I'm not trying to use it as a dissuading argument, only a reality check.

-----Original Message-----
From: Darren Reed [] 
Sent: Tuesday, January 02, 2007 10:37 AM
To: Jim Harrison
Subject: Re: PHP as a secure language? PHP worms? [was: Re: new linux

In some mail from Jim Harrison, sie said:
> No; this wasn't flame-bait, although I'd be silly not to expect some.
> Let me make my position clear; the goals of secure coding and secure 
> languages are both grand and well worth the time spent.
> There are two primary factors which make this an impossible task:
> 1. "secure" is moving, contextual target.  That which is deemed
> by today's standards will be "just ok" or "watta joke" by future 
> evaluators.  What is good enough for Joe's Garage won't even make it 
> in the door of Fred's Bank (3 anti-social points for each reference), 
> although some could argue that Joe's security requirements should 
> equal Fred's, since they both pin their business on it.

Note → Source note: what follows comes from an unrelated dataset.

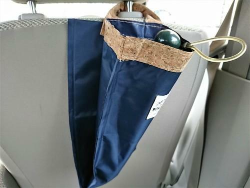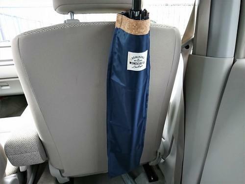 乗車する人がどんな傘を使うかわからない状況では、長傘にも折りたたみ傘にも対応できる収納袋はとても便利である。スナップつきのベルトでシートに引っかけられるので、運転席後ろに1つ、助手席後ろに1つ引っかければ、全部で4人分の傘を収納することができる。

This discussion is about secure programming and the problems related to
PHP.  Your comment has nothing to do with either except to state that
what is considered secure by two different environments are actually
different (big deal.)

> 2. Until the human factor is removed from both, mistakes and simple 
> ignorance will always render them both "less than secure" in any 
> context.  This is the core of my argument.
> Again; I agree with and fully support the effort.  What I'm trying to 
> point out is the literal impossibility of actually achieving "genuine 
> security" in either our code or the languages it's written in.

Well given that the ultimate root of any invention is going to be human,
you're saying "genuine security" is impossible.

I'm quite confident that someone could develop a very secure interpreted
language.  It might not do a lot, but it could easily be done (even if
only to prove you wrong) - if one doesn't already exist.  I could
probably even prove a case with /bin/sh.

The problem we have right now is that the language commonly used for
dynamic web pages on non-Microsoft platforms is PHP and that this has
not been engineered *for security*.

The goal of a language such as PHP should be to make it possible to do
what is required without the person using it needing to know anything
about security or secure programming practices.  Just as people using
perl generally don't need to worry about buffer overflows, why should
people using PHP need to worry about SQL escapes and filepath issues?
They shouldn't.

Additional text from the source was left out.